My approach – considerations.
Don’t you feel troubled about the approach? Most of the tester does feel at least the first time. I don’t! Know why? Let’s remember for pass/fail means outside IT/QA. For example – how do you fail exams? If your test got more than a certain number of defects you are failed, isn’t it? It’s not that a single mistake will wail you, as far as the mistake let you continue correctly with next questions. Let’s look at Merriam-Webster Dictionary what the fail means: Etymology: …alteration of Latin fallere to deceive, disappoint. So failed test means that as a tester I’m disappointed of functionality, not only detected a defect. It is not just a single failure of developer, it’s like he deceives me.

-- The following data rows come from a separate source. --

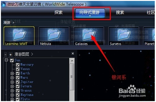 向?qū)铰危?br />點(diǎn)擊主菜單中的向?qū)铰?,選擇一個(gè)星系,這里以銀河系(galaxy)為例。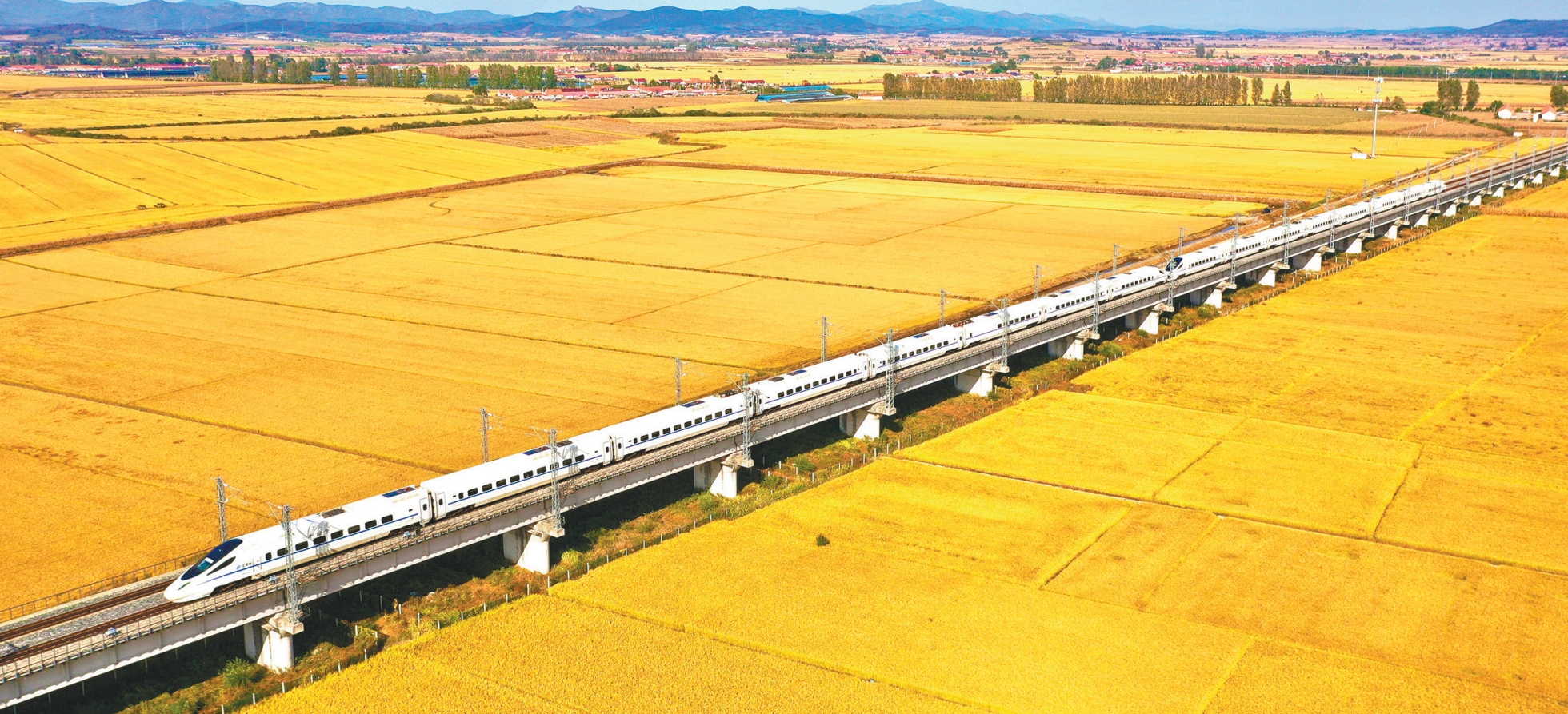 眼下,我省大部分地区的水稻即将迎来收割期。各地实施选育良种、科学田间管理等措施,水稻丰产稳产已成定局。图为10月14日,一列高铁在大连庄河市一片金色的稻田间行驶,为千重稻浪增添了一份灵动。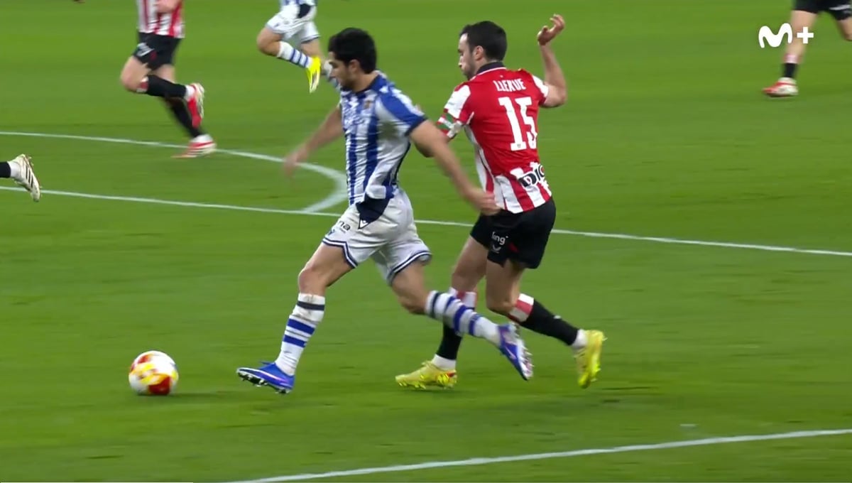 El primer asalto de las semifinales de la Copa del Rey entre Athletic y Real Sociedad se resolvió con una victoria por la mínima para los donostiarras gracias al tanto de Beñat Turrientes en la segunda mitad. Pero en el bando txuri urdin se fueron de San Mamés con la sensación de que podían haber dejado encarrilada la eliminatoria, Y no solo por las ocasiones falladas, en las que tuvo mucho que ver la destacada actuación de Álex Padilla. También hubo dos acciones polémicas en el área rojiblanca y la mayoría de los expertos arbitrales coinciden en que Sánchez Martínez no estuvo acertado a ninguna de ellas.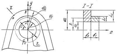 Рисунок 43 – Расчетная схема для расчета проушины на изгиб с растяжением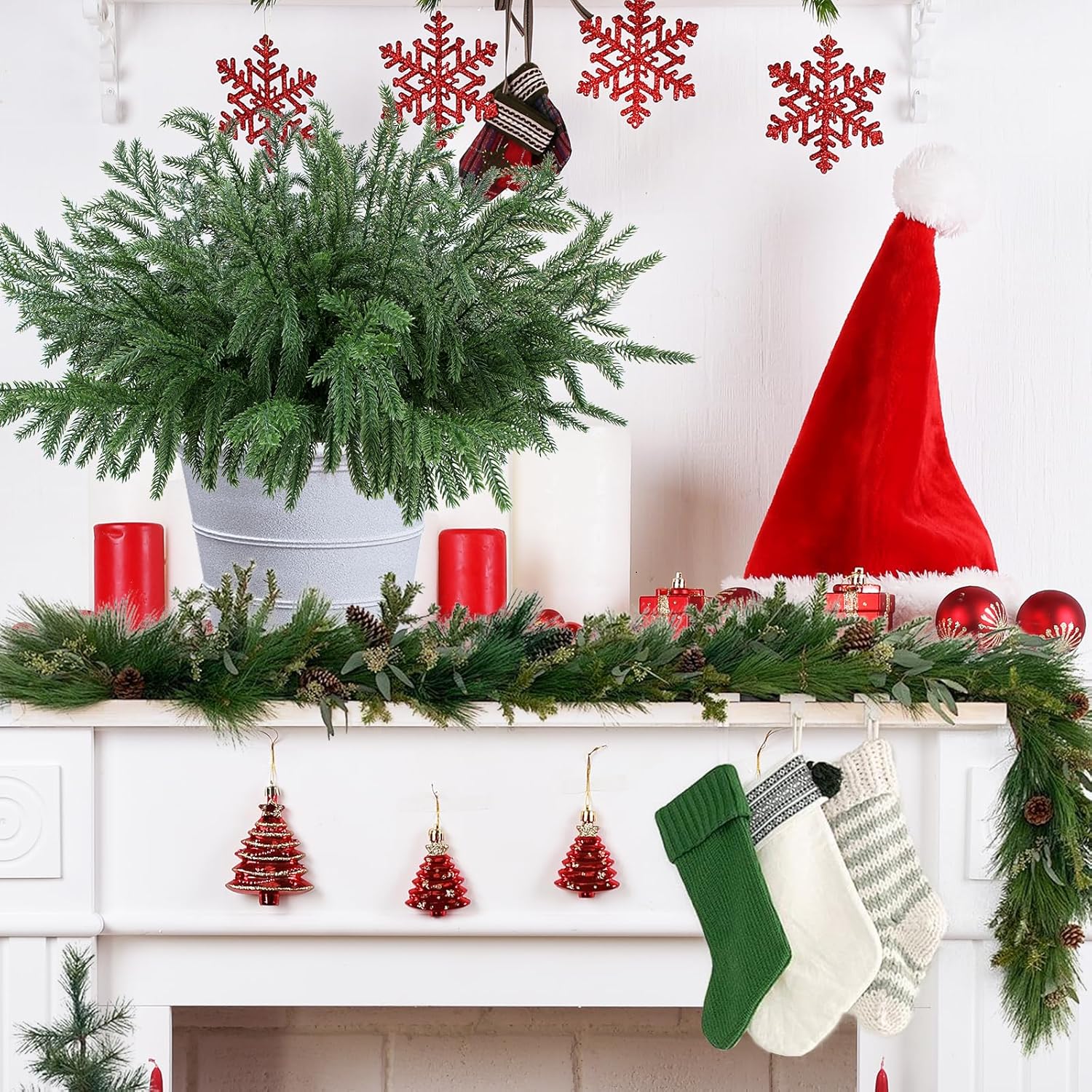• 24Pcs Artificial Pine Branches: This set includes 24pcs real touch Norfolk pine branches, giving you plenty for decorating. As shown, 24 branches can fill a vase for a full and lush look, and they’re also ideal for making Christmas wreaths or garlands

It could happen that "particular project might have its own business objectives ..." that don't fit with my objectives described in this paper. Still the only case that could harm my approach is when it is required by business to provide the pass/fail statistics according to "old" approach. In this case I would try to create double statistics - old one for business and new one for internal use. But I would do my best to convince business that my (new) approach is better even for them, however it is possible only if they listen to me:).